I run a small business and my partner has to clean 10-20 equipments per day for us to re-sell all clean and tidy and have been wondering for a while if using an air compressor to clean would be a good idea.

The type of equipment is electronic but it would only be used to clean the surfaces of such things like a Boss DS-1 distortion effect pedal and Roland vs-2400 recording studio:

A couple of links to pictures of the equipment:

VINTAGE BOSS DS-1 DISTORTION PEDAL BLACK JAPAN 1986 | eBay

ROLAND VS-2400 CD DIGITAL MULTI TRACK RECORDING STUDIO & VS8F-2 2000 2480 | eBay

At the moment we are using polish but as you can imagine is a pain when trying to get into tight areas where a cloth doesn't reach. So my questions is does anyone have any sort of advise at to what I should be looking for which would be powerful enough to take dirt off but not strip the surfaces (both plastic and metal) and it would have to be an electric air compressor as it is indoors.

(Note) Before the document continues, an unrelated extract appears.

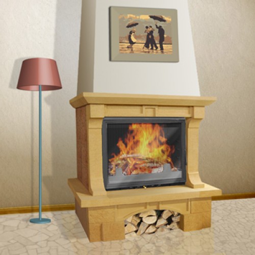 Каминная облицовка Лира 700 изготовлена из камня META Stone™ (бежевого цвета). Вставки в боковые панели выполнены из пеноблока и подготовлены для последующей отделки (может использоваться любая отделка, толщина материала не более 30 мм). Отделочный материал в комплект не входит.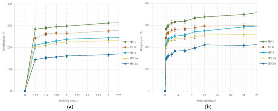 Most water absorption occurs during the first 5 min of material immersion. After 15 min the board samples without shives pre-treatment and particles size range 0.5–2 mm (HS-1) increased 2.9 times (Figure 6a). Samples with additives (HS-1A, HS-2A) after the same time increased their mass only 2 and 1.4 times, respectively (Figure 6a). After 8–12 h of immersion, the weight gain of samples slows down and later increases gradually (Figure 6b) but does not stop until they start to sink in the soaking container (5–6 days) or totally decay. At the last comparable data point—144 h of soaking in water, the most increase in mass is for HS-1 samples—390%, the least for HS-2A—272%.

Any help would be greatly appreciated and would save us hours every weeks!

Kind Regards Patrick


----------



## Romore (Dec 18, 2012)

I would suggest a can of compressed air from a hobby shop for your application. Impurities and too much pressure could do more harm than good.


----------



## Patrick (Dec 30, 2012)

Compressed air cans is quite an expensive solution. I've been told compressed air with a water filter is a good option but wouldn't know what sort of pressure it would been to be. I've tried an 8 bar compressor but this isnt powerful enough.

Any suggestions?


----------



## eurekapsycrille (Jan 31, 2013)

Air compressor can be a good idea in cleaning those gadgets. Or you can simply use a vacuum cleaner in order to suck dust that are stuck within the small parts of those gadgets.


----------



## shanonmethod (Nov 13, 2013)

I suggest vacuum machine for cleaning.
Product (VINTAGE BOSS DS-1 DISTORTION PEDAL BLACK JAPAN) needs to laminate.if you laminates it then it is more safe for cleaning.After few months change it's laminate cover.


----------